Task item –
Set out the records below again exactly; skip the images.

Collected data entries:
· · ·
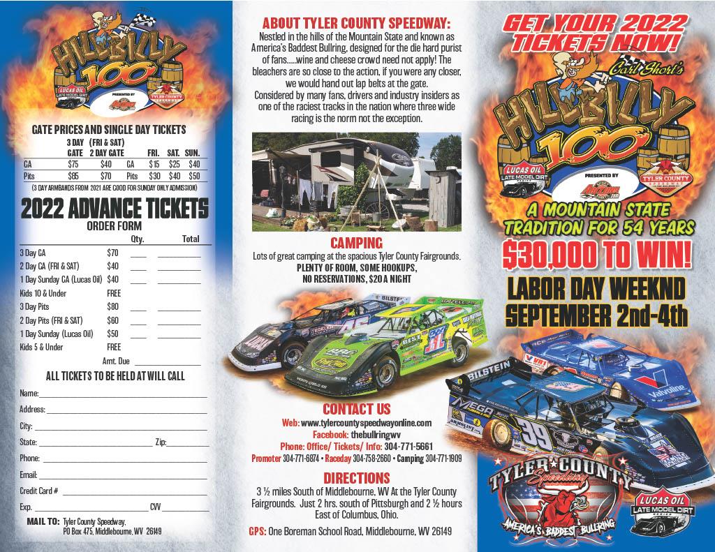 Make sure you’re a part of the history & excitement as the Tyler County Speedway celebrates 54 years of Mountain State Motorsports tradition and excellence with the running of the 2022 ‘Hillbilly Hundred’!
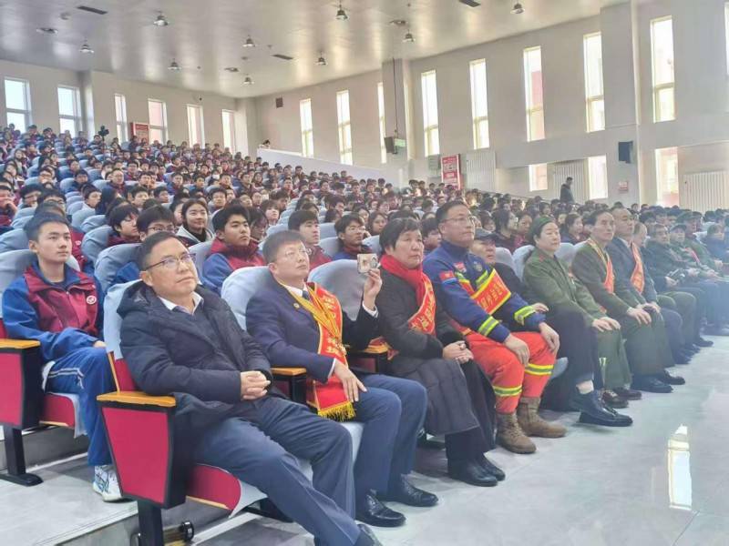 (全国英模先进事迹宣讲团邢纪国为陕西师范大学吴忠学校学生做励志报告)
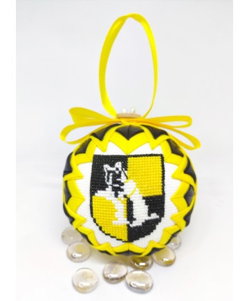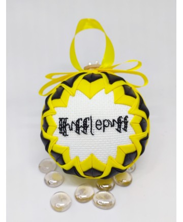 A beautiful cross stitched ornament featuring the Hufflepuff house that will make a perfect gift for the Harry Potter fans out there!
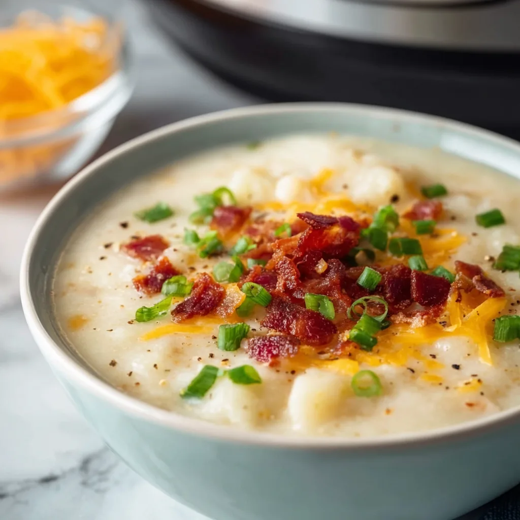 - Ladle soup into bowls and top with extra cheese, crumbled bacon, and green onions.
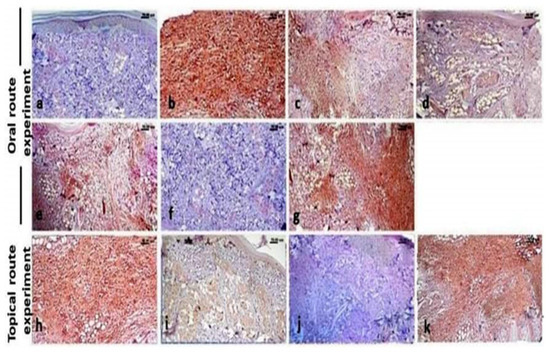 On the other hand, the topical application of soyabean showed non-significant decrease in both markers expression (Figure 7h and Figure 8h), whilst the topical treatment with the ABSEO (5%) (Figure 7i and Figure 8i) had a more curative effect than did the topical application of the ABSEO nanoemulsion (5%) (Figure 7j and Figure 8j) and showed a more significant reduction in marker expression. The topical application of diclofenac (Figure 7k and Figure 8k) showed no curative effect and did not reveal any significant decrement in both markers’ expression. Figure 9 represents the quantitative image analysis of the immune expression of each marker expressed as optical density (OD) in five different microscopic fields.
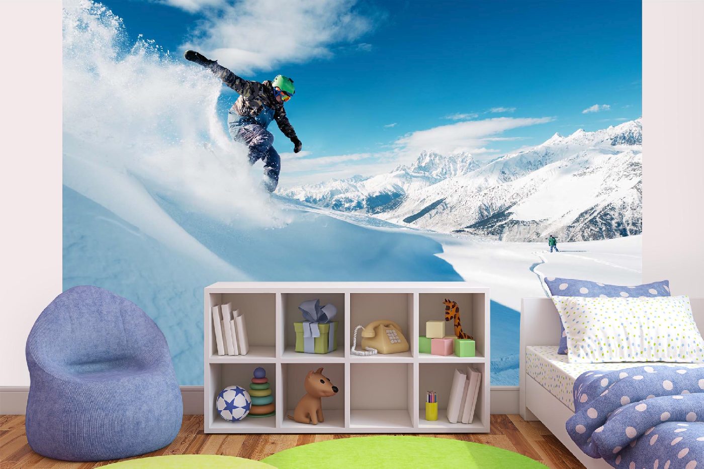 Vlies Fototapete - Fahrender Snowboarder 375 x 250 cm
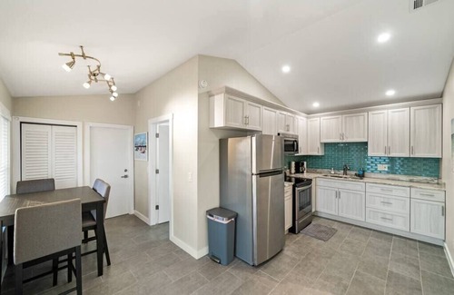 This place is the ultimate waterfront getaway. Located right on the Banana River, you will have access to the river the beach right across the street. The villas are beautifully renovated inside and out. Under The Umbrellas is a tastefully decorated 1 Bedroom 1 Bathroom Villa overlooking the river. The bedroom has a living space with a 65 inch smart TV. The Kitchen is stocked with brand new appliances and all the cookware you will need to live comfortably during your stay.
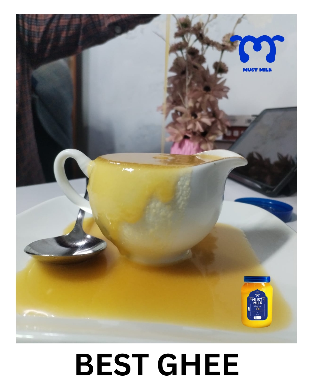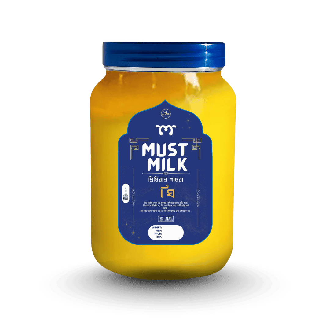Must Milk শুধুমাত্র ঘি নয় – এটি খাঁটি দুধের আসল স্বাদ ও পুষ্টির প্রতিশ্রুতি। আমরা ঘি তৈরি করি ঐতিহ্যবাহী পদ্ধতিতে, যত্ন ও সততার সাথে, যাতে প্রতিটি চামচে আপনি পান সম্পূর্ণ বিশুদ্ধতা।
· · ·
Completed exercise –
 Make sure you’re a part of the history & excitement as the Tyler County Speedway celebrates 54 years of Mountain State Motorsports tradition and excellence with the running of the 2022 ‘Hillbilly Hundred’!
 (全国英模先进事迹宣讲团邢纪国为陕西师范大学吴忠学校学生做励志报告)
 A beautiful cross stitched ornament featuring the Hufflepuff house that will make a perfect gift for the Harry Potter fans out there!
 - Ladle soup into bowls and top with extra cheese, crumbled bacon, and green onions.
 On the other hand, the topical application of soyabean showed non-significant decrease in both markers expression (Figure 7h and Figure 8h), whilst the topical treatment with the ABSEO (5%) (Figure 7i and Figure 8i) had a more curative effect than did the topical application of the ABSEO nanoemulsion (5%) (Figure 7j and Figure 8j) and showed a more significant reduction in marker expression. The topical application of diclofenac (Figure 7k and Figure 8k) showed no curative effect and did not reveal any significant decrement in both markers’ expression. Figure 9 represents the quantitative image analysis of the immune expression of each marker expressed as optical density (OD) in five different microscopic fields.
 Vlies Fototapete - Fahrender Snowboarder 375 x 250 cm
 This place is the ultimate waterfront getaway. Located right on the Banana River, you will have access to the river the beach right across the street. The villas are beautifully renovated inside and out. Under The Umbrellas is a tastefully decorated 1 Bedroom 1 Bathroom Villa overlooking the river. The bedroom has a living space with a 65 inch smart TV. The Kitchen is stocked with brand new appliances and all the cookware you will need to live comfortably during your stay.
Must Milk শুধুমাত্র ঘি নয় – এটি খাঁটি দুধের আসল স্বাদ ও পুষ্টির প্রতিশ্রুতি। আমরা ঘি তৈরি করি ঐতিহ্যবাহী পদ্ধতিতে, যত্ন ও সততার সাথে, যাতে প্রতিটি চামচে আপনি পান সম্পূর্ণ বিশুদ্ধতা।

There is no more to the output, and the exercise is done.